**Dataset excerpt:**
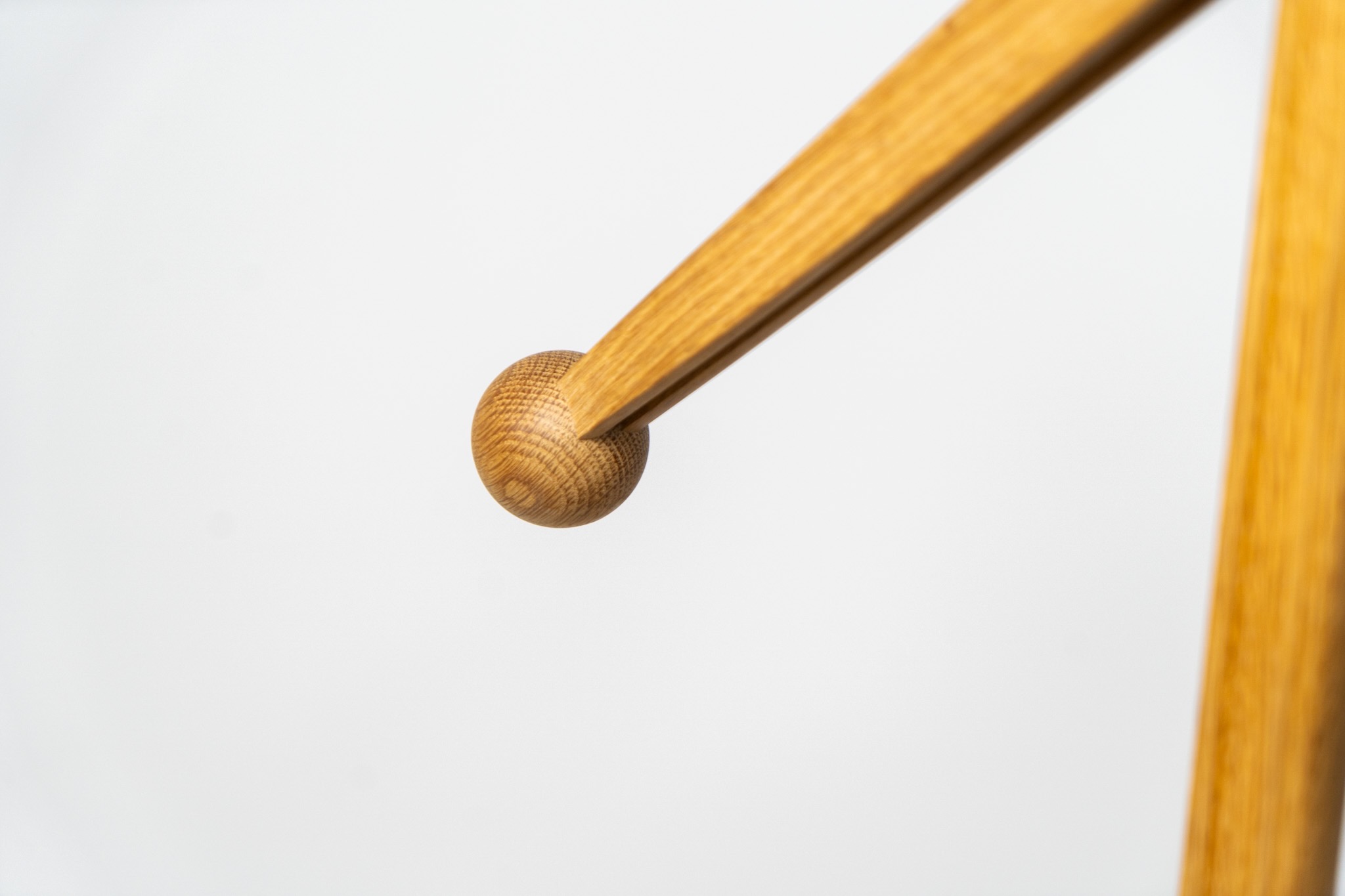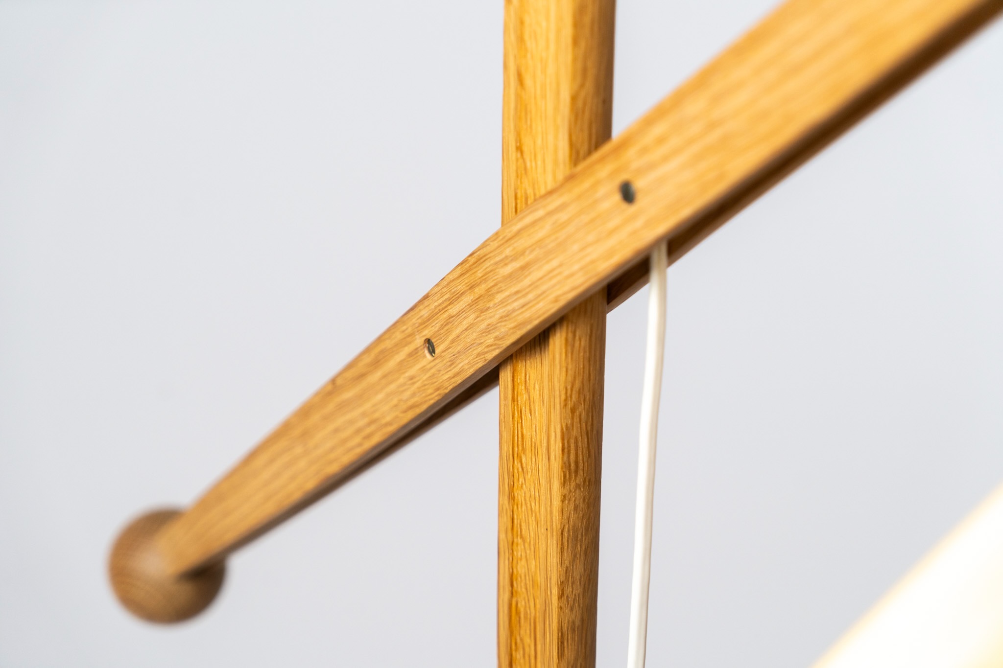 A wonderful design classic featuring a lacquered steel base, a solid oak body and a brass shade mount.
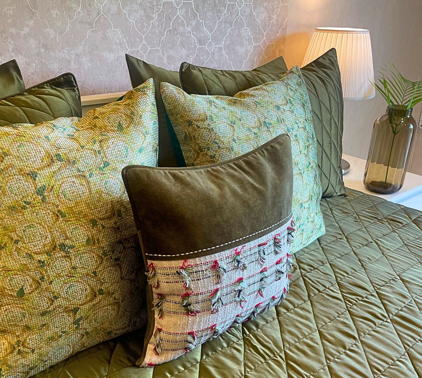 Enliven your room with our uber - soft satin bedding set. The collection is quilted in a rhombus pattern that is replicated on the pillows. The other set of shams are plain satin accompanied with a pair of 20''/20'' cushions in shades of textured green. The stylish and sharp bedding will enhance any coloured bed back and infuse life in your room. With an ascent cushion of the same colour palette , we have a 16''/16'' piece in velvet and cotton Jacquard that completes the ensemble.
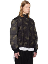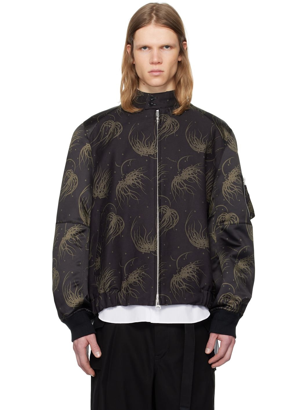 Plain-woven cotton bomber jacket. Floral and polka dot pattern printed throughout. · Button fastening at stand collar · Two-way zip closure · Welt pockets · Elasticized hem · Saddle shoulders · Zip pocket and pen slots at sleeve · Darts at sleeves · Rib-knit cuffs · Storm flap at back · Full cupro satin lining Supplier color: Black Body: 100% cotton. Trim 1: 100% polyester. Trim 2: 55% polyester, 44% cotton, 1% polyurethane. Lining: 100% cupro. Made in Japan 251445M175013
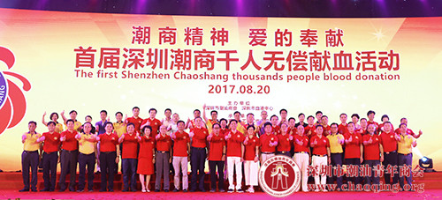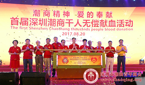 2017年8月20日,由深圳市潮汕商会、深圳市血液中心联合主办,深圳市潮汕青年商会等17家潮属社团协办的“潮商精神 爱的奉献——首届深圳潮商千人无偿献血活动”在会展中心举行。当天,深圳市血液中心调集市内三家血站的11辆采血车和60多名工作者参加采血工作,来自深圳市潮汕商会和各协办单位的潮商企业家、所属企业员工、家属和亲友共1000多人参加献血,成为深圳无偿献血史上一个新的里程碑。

**Task statement:** Restate the data above word for word. Skip every picture.

**Answer section:**
 A wonderful design classic featuring a lacquered steel base, a solid oak body and a brass shade mount.
 Enliven your room with our uber - soft satin bedding set. The collection is quilted in a rhombus pattern that is replicated on the pillows. The other set of shams are plain satin accompanied with a pair of 20''/20'' cushions in shades of textured green. The stylish and sharp bedding will enhance any coloured bed back and infuse life in your room. With an ascent cushion of the same colour palette , we have a 16''/16'' piece in velvet and cotton Jacquard that completes the ensemble.
 Plain-woven cotton bomber jacket. Floral and polka dot pattern printed throughout. · Button fastening at stand collar · Two-way zip closure · Welt pockets · Elasticized hem · Saddle shoulders · Zip pocket and pen slots at sleeve · Darts at sleeves · Rib-knit cuffs · Storm flap at back · Full cupro satin lining Supplier color: Black Body: 100% cotton. Trim 1: 100% polyester. Trim 2: 55% polyester, 44% cotton, 1% polyurethane. Lining: 100% cupro. Made in Japan 251445M175013
 2017年8月20日,由深圳市潮汕商会、深圳市血液中心联合主办,深圳市潮汕青年商会等17家潮属社团协办的“潮商精神 爱的奉献——首届深圳潮商千人无偿献血活动”在会展中心举行。当天,深圳市血液中心调集市内三家血站的11辆采血车和60多名工作者参加采血工作,来自深圳市潮汕商会和各协办单位的潮商企业家、所属企业员工、家属和亲友共1000多人参加献血,成为深圳无偿献血史上一个新的里程碑。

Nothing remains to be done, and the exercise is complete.